Effects of shape and ratio of copper foam on thermal storage properties of the heat storage system with phase change materials

Abstract

Latent heat storage technology can be used to overcome the instability of solar-powered equipment. However, the poor thermal conductivity of phase change materials markedly weakens the thermal storage efficiency of the heat storage system. Filling copper foam is a valid method to improve the thermal conductivity of phase change materials. To explore the synergistic effect of copper foam filling shape and ratio on the thermal storage performance of the heat storage system, the present study researched the thermal storage performance of the heat storage system with different copper foam filling ratios under two types filling shapes using myristic acid and copper foam as feedstocks.
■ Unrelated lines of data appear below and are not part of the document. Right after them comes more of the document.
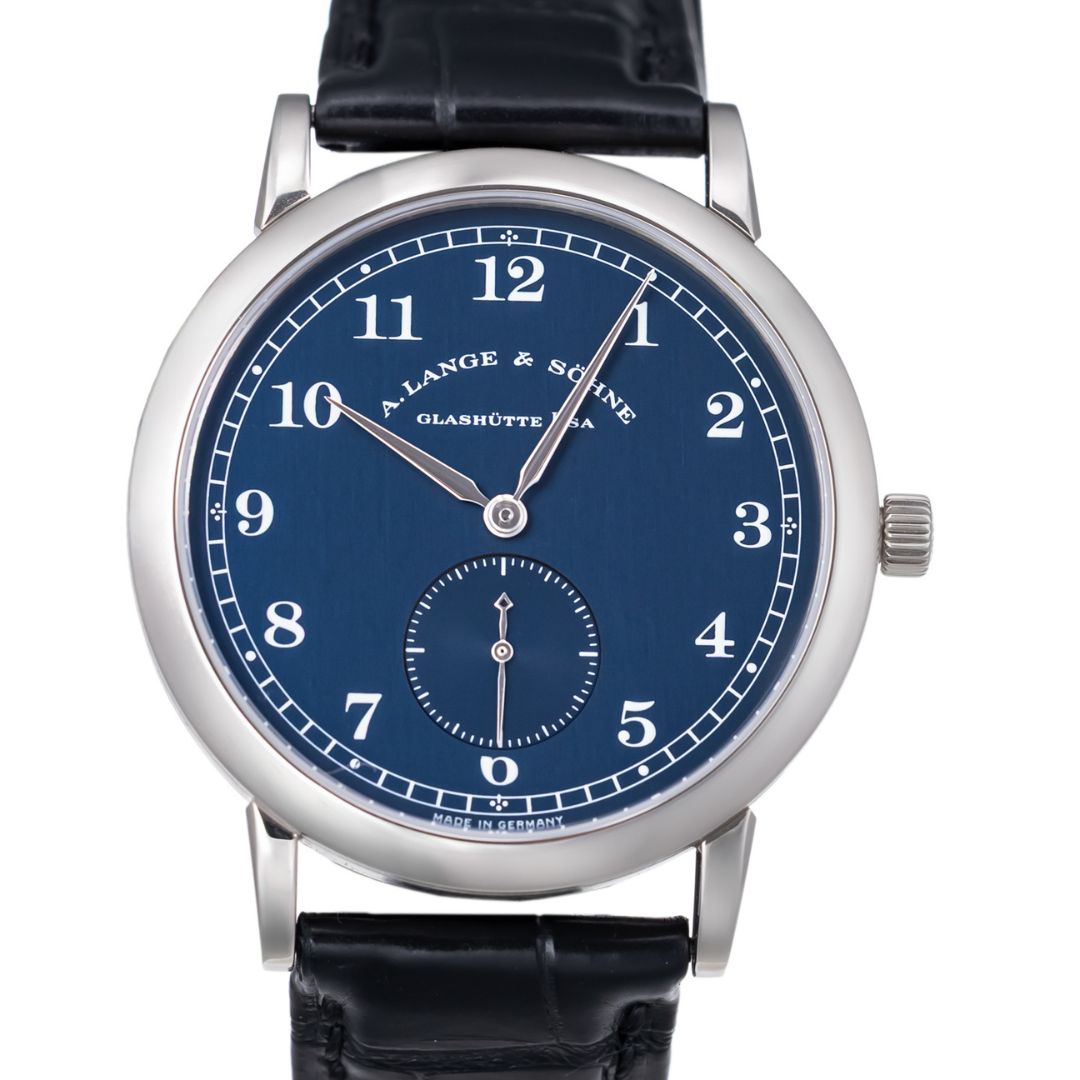The 36mm white gold case is beautifully proportioned and finished to Lange’s exacting standards, with a mix of polished and brushed surfaces that exude refinement. The rich matte blue dial features classic Arabic numerals and a small seconds subdial at 6 o’clock, all framed by the signature railway minute track.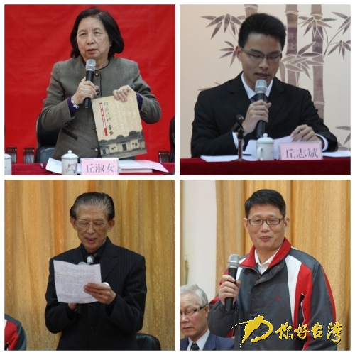 “作为后人,我们铭记逢甲公的遗愿,努力学习,牢记当代中国青年的历史使命,投身社会实践,为国家民族的富强和力促两岸和平统一作出自己的努力。”广东省丘逢甲研究会联络办公室主任、丘逢甲嫡曾孙丘志斌介绍了研究会近年来开展的学术研究、纪念活动等情况。台湾抗日志士亲属协进会会长、丘逢甲侄孙女丘淑女则介绍了丘逢甲、丘先甲兄弟抗日护台的英雄事迹,并分享、赠送了其近期在台湾出版的相关书籍和画册。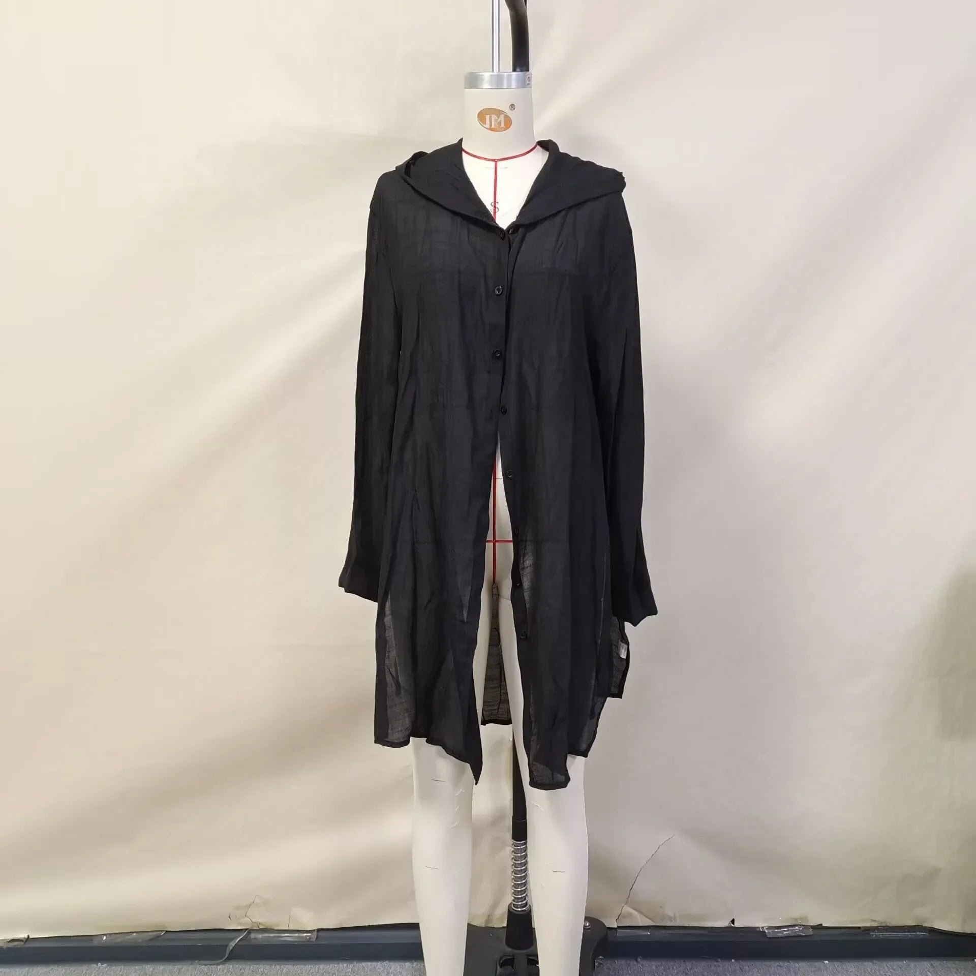 Step into sun-soaked days with effortless polish for you in this women's long sleeve button-down tunic dress beach cover up.

The mechanism of the influence of the ratio and shape of copper foam on the heat storage performance was discussed from Rayleigh number and natural convection velocity. The results show that there is a linear relationship between the ratio of copper foam and the thermal storage performance for the compact stacking shape. The melting time is shortened by 32.8 % and the heat storage efficiency is increased by 45.1 % when the content of copper foam increases from 10 % to 50 %. For the spaced stacking shape, the ratio of copper foam has a non-linear relationship with the thermal storage performance, reaching a maximum at 40 % copper foam filling ratio. Compared with the control group, the full melting time is shortened by 38.53 % and the heat storage efficiency is increased by 64 %. As the ratio of copper foam increases from 10 % to 50 %, the Rayleigh number increases from 208 × 103 to 188 × 103 and the convection velocity decreases by 47.8 % to 66 %. The average convective velocity of spaced stacking shape is 2 % to 38 % lower than that of compact stacking shape under the same ratio of copper foam.